They say life changes when you become a parent. I always wondered what they meant by that, I assumed it was some deep and profound change in your relationship with the world because you were now completely responsible for a life other than your own. Something unreachable for a non parent. I’ve been a parent now for nearly four years, I won’t claim to be a great parent, I’m not. However I do think I’ve got a bit of a handle on it, I roughly know what this parenting thing is about and I am pretty sure I know how life has changed. I got it in a flash of insight as I was picking up food off the floor – a half chewed, thoroughly masticated and slobbered on crust which I’d just stood on.

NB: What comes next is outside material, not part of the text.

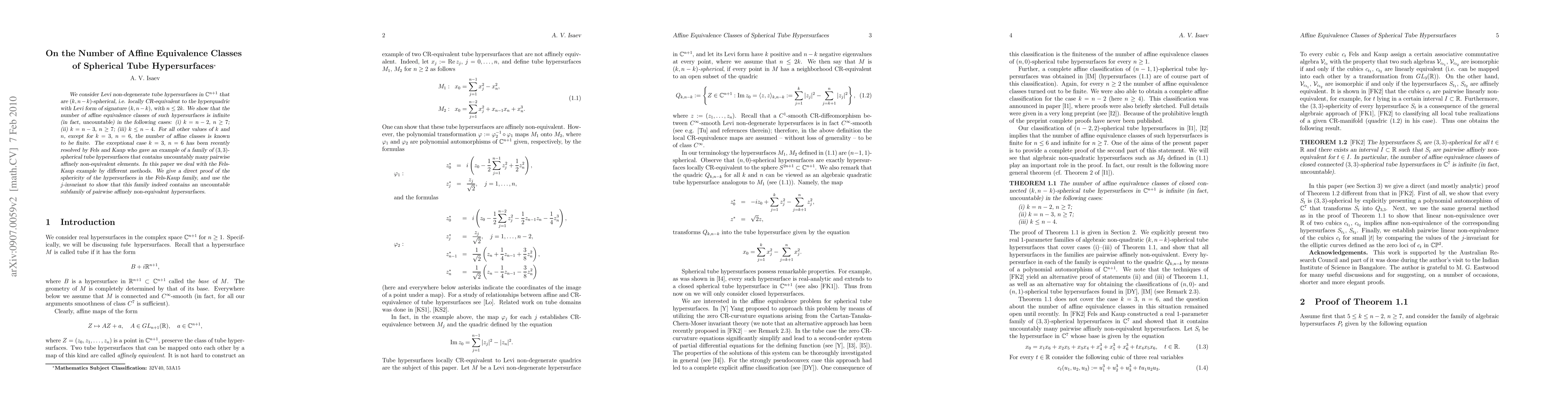 This paper investigates the number of affine equivalence classes of $(k,n-k)$-spherical tube hypersurfaces in $\mathbb{C}^{n+1}$, showing that they are uncountably infinite for specific values of $k$ and $n$. It also resolves the exceptional case $k=3$, $n=6$ using different methods to confirm the uncountability of a family of such hypersurfaces.

So here’s how life changes when you become a parent- you pick up food off the floor, lots of it pretty much after every time they eat. You get sneezed and snotted on and you get to clean off of you and everything else pretty much every imaginable body fluid. You get intimately involved with another humans bowel movements- I’ve lost count of the number of times in which I’ve ended up, due to some mishap or another, wearing another persons poo. You find yourself looking forward to reading “Where Is The Green Sheep” even though you know it word for word. You have locks on cupboards and you worry about cars and dogs and cats and strangers and pretty much anything that is bigger than a cardboard box and sharper than a ball and lots of things in between. A short trip to the shops becomes a major planning exercise and has to be strategically approached, packed for and executed. Your friends only see you in the hours of daylight, if they see you at all, and you always look like you’ve had about four hours of sleep - probably because that’s all the sleep you got. And here’s the real kicker- after you’ve been a parent for a while you think that all of that is normal, that every-one else is doing the same.
OK and life profoundly alters in deep and meaningful ways which no non parent could ever understand.